Israeli heart transplant professor Jacob Lavee, from the Sheba Medical Center, played a major role in enacting the law that prohibits Israelis from obtaining organs in China for transplant surgeries. After his success in Israel, Prof. Lavee is going global with the same issue. He serves on the advisory board of the American NGO Doctors Against Forced Organ Harvesting. He recently attended a conference of the International Care Association of Organ Transplants in Taiwan before heading to Seoul, South Korea, Boston and other cities.

 

How did you get involved in this?

 

Prof. Lavee: "The way I got involved in the issue of forced organ harvesting in China was when a patient of mine told me in 2005 he was tired of waiting for a heart in Israel, and was told by his insurance company to go to China in three weeks time to get a heart transplant. The patient actually went to China and got his heart on day he was promised he would receive it. So this set me researching, and I found out the whole gruesome story about the use of forced organ harvesting, and later on the fact that most of the organs in China are retrieved from Falun Gong practitioners, based on the research by Kilgour and Matas."

 

After the Chinese regime started to persecute people who practice Falun Gong in 1999, China suddenly rose to be second in the world in the number of organ transplants within just five years. However, China does not have an effective national organ donation system and there was no explanation for the sources of the organs.

 

Independent Canadian investigators concluded mostly Falun Gong practitioners and other prisoners of conscience in labor camps, detention centers and prisons were being used as a live organ bank and killed on demand. However it wasn't a surprise for Prof. Lavee as he already knew about the unethical norms in China since 2005.

 

We asked him why he puts so much effort into this issue.

 

Prof. Lavee: "My personal motivation going into this issue was the fact that I am the son of a father who was a refugee from a Nazi concentration camp, and I told myself that we cannot repeat the same story that went on during the Second World War, during the Holocaust, where the entire world knew about the Holocaust of the Jewish people and did nothing. Here we know about the genocide of people within China, about the crime against humanity that is taking place in China, and I needed to do something about it."

 

Taiwan's citizens continue to travel to Mainland China for organs. Local human rights activists hope that Professor Lavee's visit to the country may bring about a change in Taiwan.

  

 

Shi Chongliang, director of the Bureau of Health of Taiwan told NTD's reporter during the events, "Let's look at what other countries have done' let's follow the worldwide consensus.
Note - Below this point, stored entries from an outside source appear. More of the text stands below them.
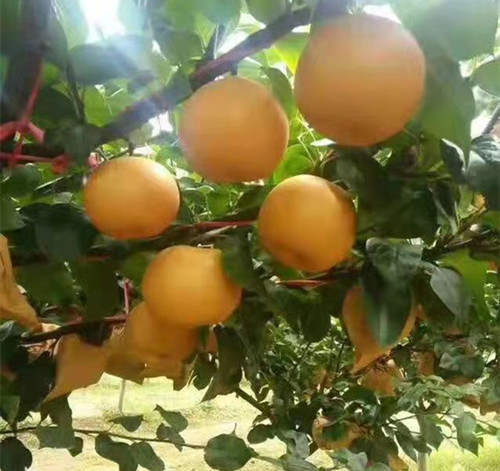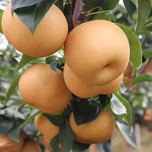 果实扁圆形,果形端正,平均单果重400克,******628克,套袋后金黄色,外观极其漂亮;果肉乳白色,肉质细脆,汁多味甜,清香爽口,石细胞极少,可溶性固形物含量15%-16%,果心极小,可食率达95%以上,品质极佳;树势健壮,果肉含丰富的抗氧化物质,抗癌,抗衰老,是一个综合性状优良的晚熟梨优新品种。
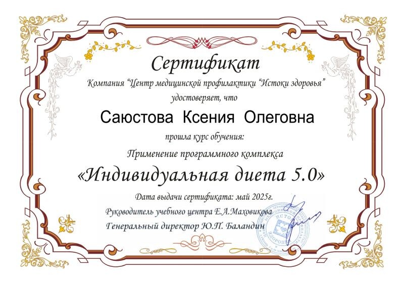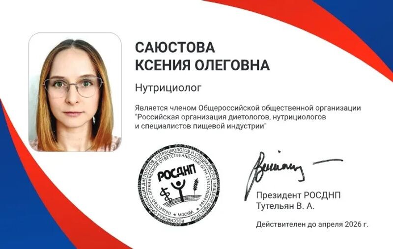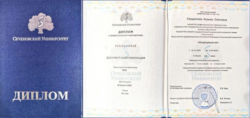 - Первый Московский Государственный Медицинский Университет им. Сеченова Нутрициология, 2023–2024 гг.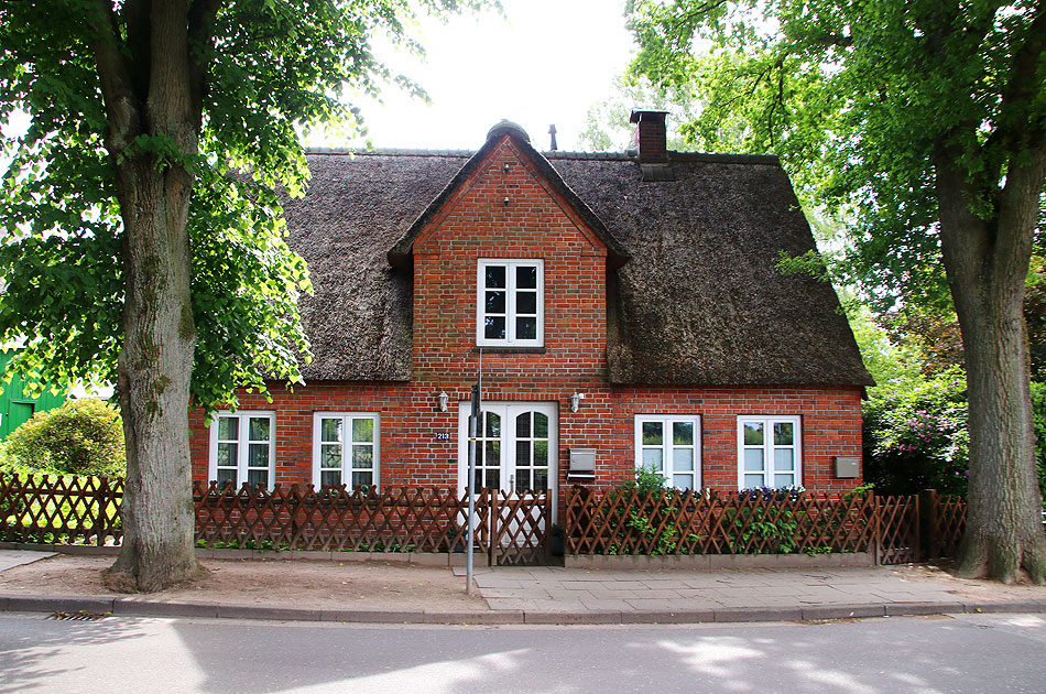 Die Postleitzahl von Sülldorf ist 22589: Der Sülldorfer Kirchenweg nördlich vom Bahnhof im Hamburger Stadtteil Sülldorf. Das Reetdachhaus im Bild Sülldorfer Kirchenweg 213 ist ein Kulturdenkmal. Digi Foto: IMG_9619.JPG Digi Fotos: 0296 (D28/D5/D2018) Foto: Lars Brüggemann Facebook-Seite Hamburg-Sülldorf - Fotos von larsbrueggemann.de |
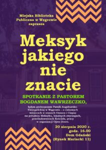 Już w najbliższy czwartek, 20.08.2020 r., o godz. 16.00 w Domu Gdańskim odbędzie się spotkanie z pastorem Bogdanem Wawrzeczko. Były proboszcz Parafii Ewangelicko-Augsburskiej w Węgrowie opowie o swojej wizycie w Meksyku, tamtejszych zwyczajach, a także prześladowaniach Kościoła i swojej pracy w organizacji Open Doors (pomaga prześladowanemu Kościołowi w różnych częściach świata. dostarcza literaturę, prowadzi seminaria dla osób w traumie, uczy przedsiębiorczości itd.).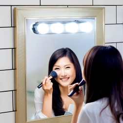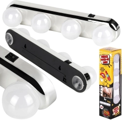 Praktiška veidrodžio šviesa su keturiomis LED lemputėmis suteikia ryškią ir tolygiai pasiskirsčiusią baltą šviesą makiažui ir kasdienei priežiūrai. Dėl paprasto montavimo su siurbtukais be įrankių ją greitai pritvirtinsite prie bet kurio lygaus veidrodžio. Ji maitinama baterijomis, mobili ir pagaminta iš kokybiškos, patvarios medžiagos, todėl tinka vonios kambariui, miegamajam ir garderobui.

We shall revise the legislation in Taiwan."

 

The issue of Chinese transplants is also being debated in Australia. Australian Member of Parliament David Shoebridge is proposing new legislation that would make it a criminal offense to buy trafficked organs. The New South Wales politician says it would only penalize citizens in his state, but he hopes its effects will be global.

 

The Epoch Times reported that in an effort to discourage Malaysians seeking organ transplants overseas, government hospitals this year stopped providing free immune-suppressive drugs to patients returning from organ transplants overseas.

 

What are your next goals?

 

Prof. Lavee: "Well, the goal will be that news will finally come out of China and we will know that this persecution has been stopped, but the milestones towards this goal should be that we know more nations have prevented transplant candidates from going to China. So once the supply of potential candidates from all over the world to China will stop, this will definitely increase the pressure on China to stop the use of those Falun Gong practitioners."